A mí también me interesa cada vez menos lo que dice este hombre y por ejemplo me resulta ya mucho más molesto que Zaplana soltando barbaridades insignificantes las respuestas de Rubalcaba, reivindicando su gestión por ser gobierno frente a la conspiranoia y mintiéndose en un jardín falaz que pone su veracidad investigativa al lado de la muy cuestionable administración Bush, o la más accesible y fea generalización en torno a la españolidad de los afectados por el 11M, cuando que hubo una diversidad de afectados y por poner la etiqueta "española" en una frase, no le da mayor veracidad a un argumento. En fin, desde un auto etiquetado de izquierda, quizás nos haga mayor falta examinar críticamente los contenidos propios frente al consenso que podamos tener ante las sandeces que Aznar ejemplifica tan bien.
Saludos,
Daniel
PD Felicidades por ese sistema operativo. Ya contarás.
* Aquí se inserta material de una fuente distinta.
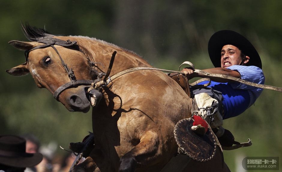 阿根廷埃斯科巴,一名牛仔在马术比赛中。

Yo tengo muy poca experiencia con Linux y con tiempo me gustaría meterme, mientras tanto esa salida de Windows no puede ser mala...
Totalmente de acuerdo...el
Totalmente de acuerdo...el prenda ese no debería pintar nada.
No creo que importe mucho
No creo que importe mucho promocionar a Aznar, que a fin de cuentas no es candidato, si con eso se consigue el desprestigio del PP.
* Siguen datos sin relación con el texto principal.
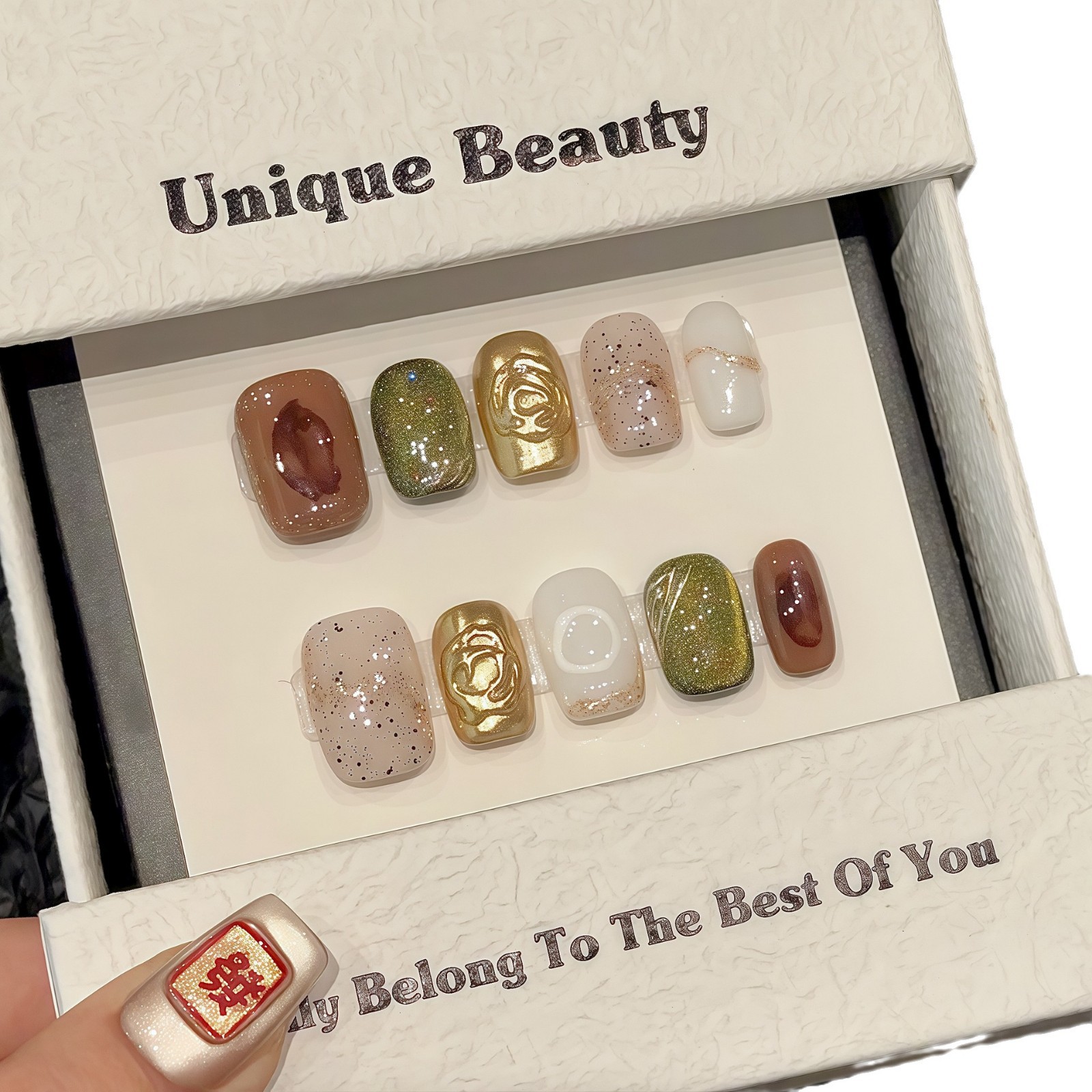 一只顾美甲 爆闪金色微笑猫眼珍珠小碎钻马眼蝴蝶枫糖可拆卸甲片

La única pena es que no haya salido Rajoy apoyando a Aznar, porque eso hubiera sido una buena oportunidad para zurrarle.
No se yo...
No se yo... Yo creo que ese desprestigio lo tiene ya logrado, sobre todo entre la izquierda y ahora ya entre centro o centro-derecha. Ganas de zurrar a Rajoy tampoco tengo y es que en buena media se hacen justicia solos. Pero en parte habría que plantearse si una derecha más razonable, menos radical, es necesaria para hacer reaccionar a la izquierda oficialista. Y así un llamado socialismo obrero en el gobierno no se sienta comodo y desarrolle políticas y reformas de más peso y menos complacencia.